So, there you go: Ten monsters I added to the D&D game. I hope they’ve turned up at your table once or twice!
 

Politics/Current Affairs: I watched all three presidential debates very seriously this year, but there was only one moment that had me off the couch and shaking my fist at the TV: President Obama’s airy dismissal of the Navy’s shrinking fleet, and his condescending explanation of how we “now have these things called aircraft carriers, where planes take off and land on top, and these ships that go underwater, nuclear submarines.” The pundits on the left thought that was a great zinger, a real laugh-out-loud line that showed how little Romney knows about things the commander in chief needs to know. The fact that it was delivered by a man who had *NO* military experience at all when he sought the same office four years ago was especially ironic. When Obama mocked Romney’s qualifications to comment, wasn’t he mocking himself too?

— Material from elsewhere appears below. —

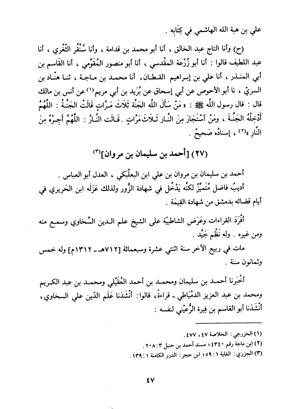 وَأَخْبَرَنَا التَّاجُ عَبْدُ الْخَالِقِ، أنا أَبُو مُحَمَّدِ بْنُ قُدَامَةَ، وأنا سُنْقُرُ الثَّغْرِيُّ، أنا عَبْدُ اللَّطِيفِ، قَالُوا: أنا أَبُو زُرْعَةَ الْمَقْدِسِيُّ، أنا أَبُو مَنْصُورٍ الْمُقَوَّمِيُّ، أنا الْقَاسِمُ بْنُ أَبِي الْمُنْذِرِ، أنا عَلِيُّ بْنُ إِبْرَاهِيمَ الْقَطَّانُ، أنا مُحَمَّدُ بْنُ مَاجَهْ، ثنا هَنَّادُ بْنُ السُّرِّيِّ، نا أَبُو الأَحْوَصِ، عَنْ أَبِي إِسْحَاقَ، عَنْ بُرَيْدِ بْنِ أَبِي مَرْيَمَ، عَنْ أَنَسِ بْنِ مَالِكٍ، قَالَ: قَالَ رَسُولُ اللَّهِ صَلَّى اللَّهُ عَلَيْهِ وَسَلَّمَ: " مَنْ سَأَلَ اللَّهَ الْجَنَّةَ ثَلاثَ مَرَّاتٍ قَالَتِ الْجَنَّةُ: اللَّهُمَّ أَدْخِلْهُ الْجَنَّةَ، وَمَنِ اسْتَجَارَ مِنَ النَّارِ ثَلاثَ مَرَّاتٍ.

On to the substance of the remarks. First, they *had* submarines in 1916. They were actually pretty important weapons of war by that point. And they were working on carriers, too. The US Navy was launching and recovering planes from ships by 1911. I don’t expect anyone but a person with a serious knowledge of naval history to know that, but hey, since the President portrayed himself as an authority, I thought it was worth pointing out.

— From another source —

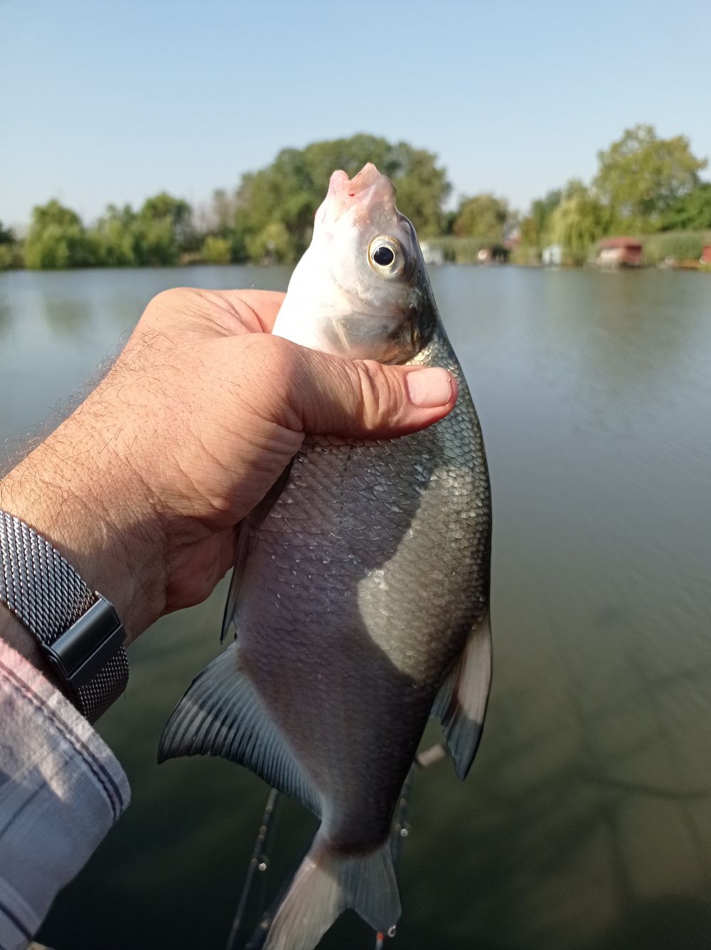 Jönnek a keszegek Csaba botjára és nevetjük közben a halak ízlését mert a nyerő kombináció fokhagymás pellet, áfonya aromával meglocsolva… Hát na, ha ezt szeretnék ezt kapják… Jön még két potyesz nekem és Csabához beállnak szinte libasorban a keszegek, nagyüzem van nem unatkozunk.

More importantly: The President claims that it doesn’t matter that we’re down to 288 ships (and predicted to drop down to 240 or less over the next few years) because ships are so much more capable than they used to be. That is a surprisingly naïve view. Here’s the problem: No matter how advanced your ship is, you can’t be in two places at the same time. We maintain ships on station near potential crisis points all around the world, most notably in the Arabian Gulf and the West Pacific. To keep 1 ship on station at all times, you actually need 4 ships: Ships can spend about 6 months out of every 2 years deployed. The rest of the time is dedicated to maintenance and training cycles.

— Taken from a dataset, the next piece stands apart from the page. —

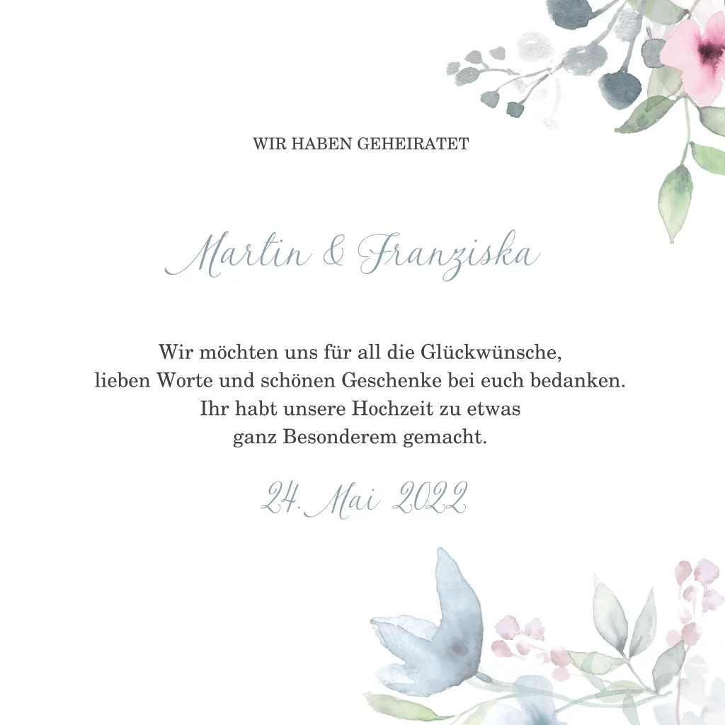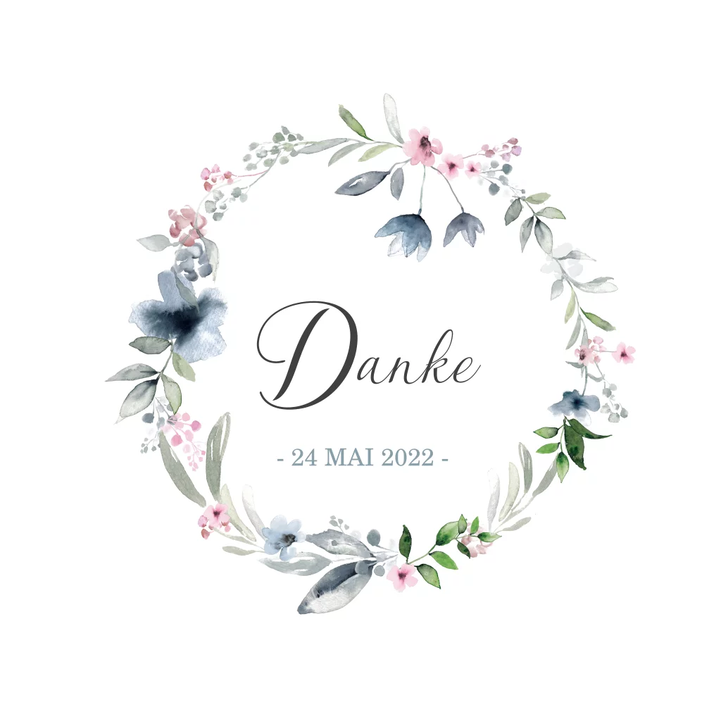 Dankeskarte mit Blumenkranz und Blüten in Blau und Rosa

China’s navy consists of about 139 major combatants—and they’re building fast. That number is going to go up. Our ability to check major aggression in the South China Sea or East China Sea is already shaky, and it’s not going to improve if we follow President Obama’s plan (or lack of a plan). The Navy has identified a need for a 313-ship fleet. I think that’s the minimal figure we should maintain. President Obama’s lack of concern about this question is alarming.

One final note… a substantial number of the hulls we expect to make up our fleet in the next ten years are NOT our highly capable destroyers, cruisers, or attack submarines. They’re the new LCS vessels, which are absolutely useless for fighting other warships. The Navy plans to build more than 50 of these things, and the only enemies they can take on are enemies that can’t shoot back. That’s okay for a patrol ship, but it’s not going to do much to deter the People’s Liberation Army Navy from starting a ruckus. I wrote quite a bit about the LCS program a few months back, and let’s just say I’m not a fan.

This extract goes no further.